[PROVIDED MATERIAL]

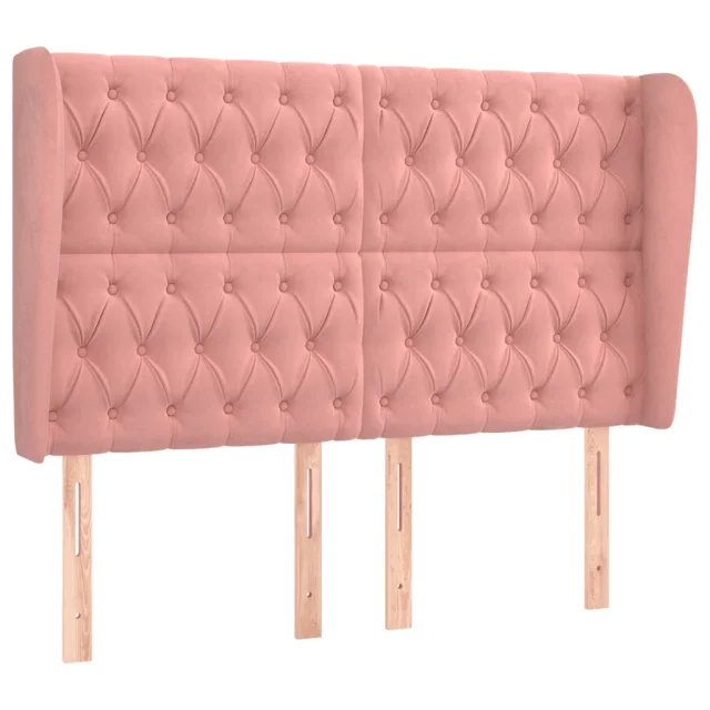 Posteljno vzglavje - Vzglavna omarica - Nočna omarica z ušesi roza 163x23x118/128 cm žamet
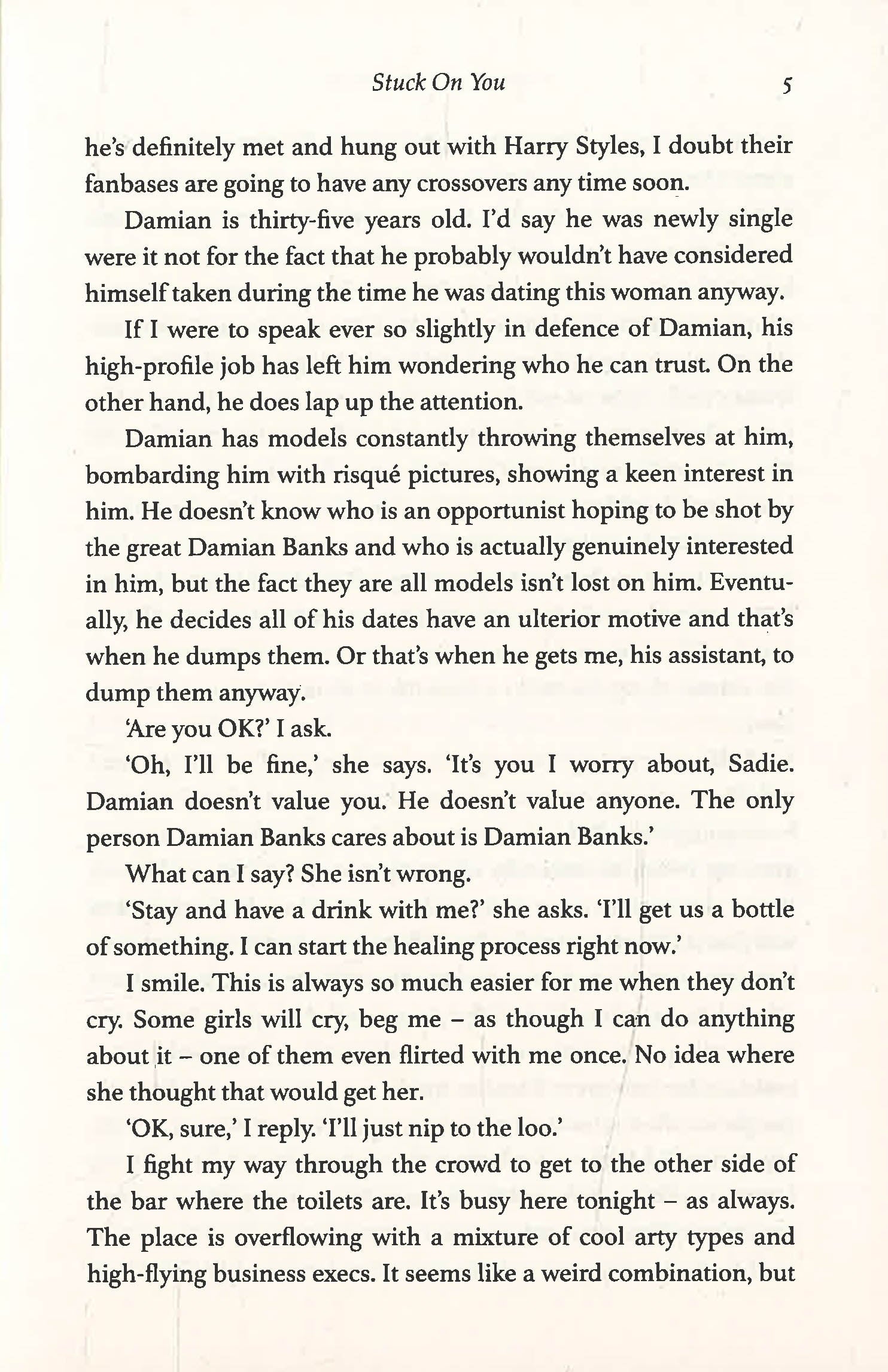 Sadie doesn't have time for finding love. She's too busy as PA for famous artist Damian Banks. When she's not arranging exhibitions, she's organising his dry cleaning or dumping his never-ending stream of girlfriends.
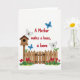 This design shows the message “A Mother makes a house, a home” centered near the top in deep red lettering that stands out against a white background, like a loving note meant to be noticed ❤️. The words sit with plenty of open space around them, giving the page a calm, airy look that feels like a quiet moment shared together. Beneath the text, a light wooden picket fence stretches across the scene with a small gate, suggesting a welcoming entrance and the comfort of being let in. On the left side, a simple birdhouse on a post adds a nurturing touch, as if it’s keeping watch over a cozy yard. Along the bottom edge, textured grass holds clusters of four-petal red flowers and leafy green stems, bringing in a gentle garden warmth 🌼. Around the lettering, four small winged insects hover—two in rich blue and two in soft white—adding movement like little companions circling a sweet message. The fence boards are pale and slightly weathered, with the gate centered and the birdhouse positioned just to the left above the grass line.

[/PROVIDED MATERIAL]

▸ **ASSIGNMENT**
Leave the pictures out and output exactly the lines above, from the start of the listing through the line with "Sadie doesn't have".

▸ **RESPONSE AREA**
 Posteljno vzglavje - Vzglavna omarica - Nočna omarica z ušesi roza 163x23x118/128 cm žamet
 Sadie doesn't have time for finding love. She's too busy as PA for famous artist Damian Banks. When she's not arranging exhibitions, she's organising his dry cleaning or dumping his never-ending stream of girlfriends.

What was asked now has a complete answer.